Вы, наверно, удивитесь. Наверно, спросите себя: «Как он этого добился? Каким образом еврейский мальчик из польской провинции проник в этот избранный круг и стал вращаться среди crême de la crême?»[180] Ах, милостивые государи, ничего не может быть легче! Так скоро научаешься завязывать галстук к смокингу, с полнейшей ноншалантностью входить в салон, даже если надо сойти по ступенькам и вовсе забывать о том, что человека может беспокоить вопрос, куда девать руки. Затем надо то и дело говорить: «Ah, madame, oh, madame! Que pensez-vous, madame? On me dit, madame, que vous êtes fanatique de musique?»[181] Собственно, и всё. Издали поневоле переоцениваешь эти штучки.
Enfin, связи, которыми я был обязан моим «Fourberies»[182], пошли мне на пользу и ещё приумножились, когда я открыл своё Бюро исполнения современной музыки. Но самое лучшее, что я тогда нашёл себя, ибо такой, каким вы меня видите, я — импресарио, импресарио по крови, никем иным я стать не мог: это моя страсть и моя гордость, j’y trouve ma satisfaction et mes délices[183] в том, чтобы выдвигать талант, гения, значительного человека, трубить о нём, заставлять общество им воодушевиться или хотя бы взволноваться. Enfin, только это им нужно — et nous nous rencontrons dans ce désir[184] — общество хочет, чтобы его возбуждали, бросали ему вызов, разрывали его на части в pro и contra; благодарность к вам оно испытывает только за шумиху, qui fournit le sujet[185] для газетных карикатур и нескончаемой болтовни: путь к почестям в Париже ведёт через бесчестье! Премьера, если она настоящая, проходит так, что во время исполнения зрители вскакивают с мест и большинство вопит: «Insulte! Impudence! Bouffonnerie ignominieuse!»[186] — тогда как шесть или семь initiés[187], Эрик Сати{2}, несколько сюрреалистов{3} и Виржиль Томсон, кричат из ложи: «Quelle précision! Quel esprit! C’est divin! C’est suprême! Bravo! Bravo!»[188]
Боюсь, что я напугал вас, господа! Если не maître Le Vercune, то господина профессора. Но надо вам знать, что ни один из таких концертов не был прерван: в этом не заинтересованы даже самые рьяные скандалисты, напротив, они хотят опять пошуметь, в этом всё их наслаждение, от концерта; вообще же, как ни странно, одерживает верх, как правило, мнение нескольких знатоков, о которых я говорил. Кроме того, совсем не обязательно, чтобы такой историей сопровождался любой концерт прогрессивного направления. Надо настроить должным образом прессу, заранее хорошенько припугнуть дураков, и благопристойный вечер вполне обеспечен, а в наши дни, если мы представляем публике артиста, принадлежащего к недавно ещё враждебной нации, то можно смело рассчитывать на её корректное поведение…

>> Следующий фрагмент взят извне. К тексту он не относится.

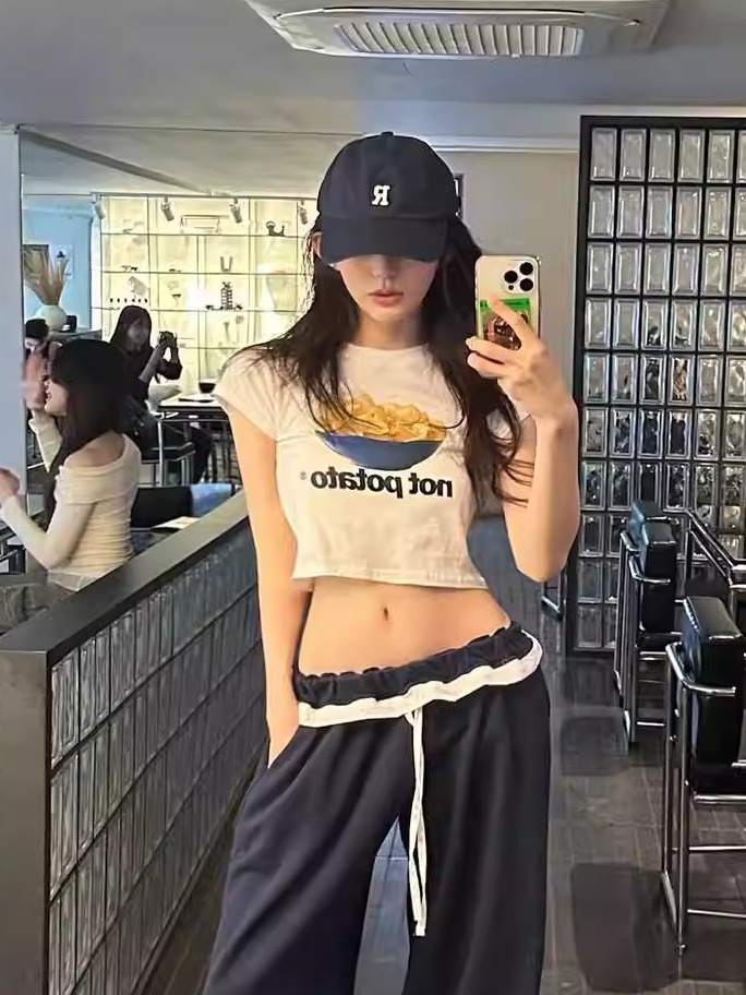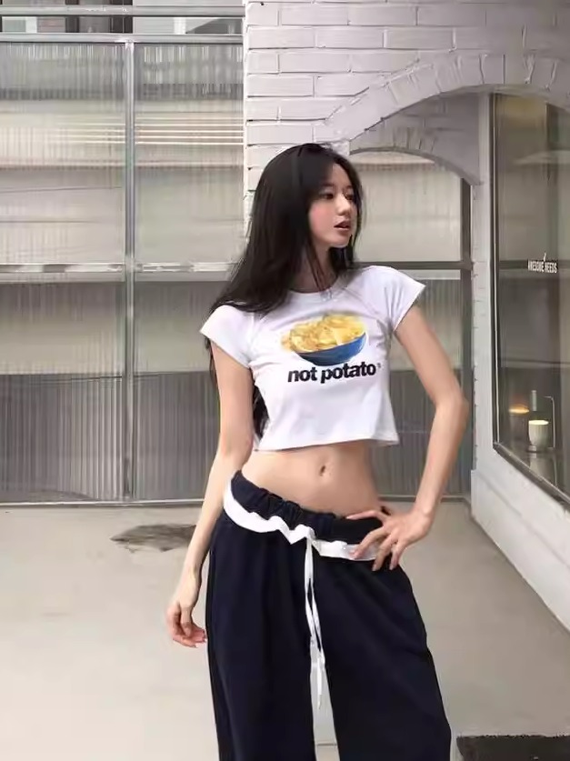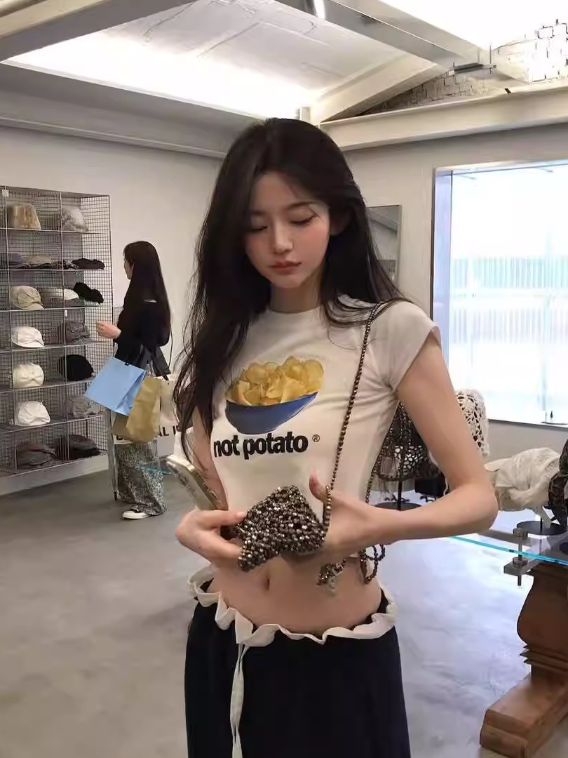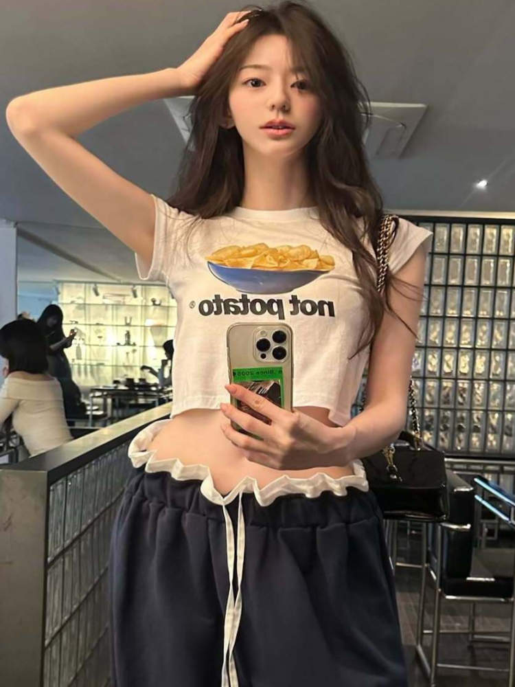 Korean Potato Chip Print Cropped Slim Fit Short Sleeve Women Fun High-quality product featuring prom dresses, spring outfits, business casual outfits and more. Modern design that fits the latest trends. Premium materials ensure durability and comfort. Order now for special offers! Product designed with attention to every detail. Suitable for all occasions and personal styles.

На этой здравой мысли и основывается моё приглашение. Немец, un boche qui par son génie appartient au monde et qui marche à la tête du progrès musical![189] О, это крайне пикантный вызов любопытству и непредвзятости, снобизму, наконец благовоспитанности публики, — и тем пикантнее, чем меньше отрицает этот артист свою национальную сущность, свою немецкую стать, чем больше даёт поводов воскликнуть: «Ах, ça c’est bien allemand, par exemple!» Я имею в виду вас, cher maître, pourquoi pas le dire?[190] Вы на каждом шагу даёте повод к этому восклицанию, не столько в начале, в пору «Phosphorescence de la mer»[191] и вашей комической оперы, но позднее, от вещи к вещи всё решительнее. Вы, конечно, думаете, что прежде всего я понимаю под этими словами вашу суровую дисциплину и то, что вы enchaînez votre art dans un système de règles inexorables et néo-classiques[192], принуждая его двигаться в этих тяжких веригах если не грациозно, то во всяком случае одухотворённо и смело. Но если я это имел в виду, то имел в виду и большее, говоря о вашей qualité d’Allemand[193], имел в виду — не знаю, как выразиться? — известную неуклюжесть, пожалуй, ритмическую тяжеловесность, малоподвижность, grossièreté[194], все старонемецкие качества — en effet, entre nous[195], они не чужды и Баху. Вы рассердитесь на мою критику? Non, j’en suis sûr[196]. Для этого вы слишком большой человек. Ваши темы почти всегда состоят из целых долей, половин, четвертей, восьмых, хотя они синкопированы и пребывают в механически работающей, как бы мерно отбиваемой ногою неповоротливости и лишены элегантной грации. C’est «boche» dans un degré fascinant[197]. Надеюсь, вы не думаете, что я это хулю! Это же просто énormément caractéristique[198]; и в серии концертов интернациональной музыки — я сейчас эту серию подготовляю — такая нота совершенно необходима…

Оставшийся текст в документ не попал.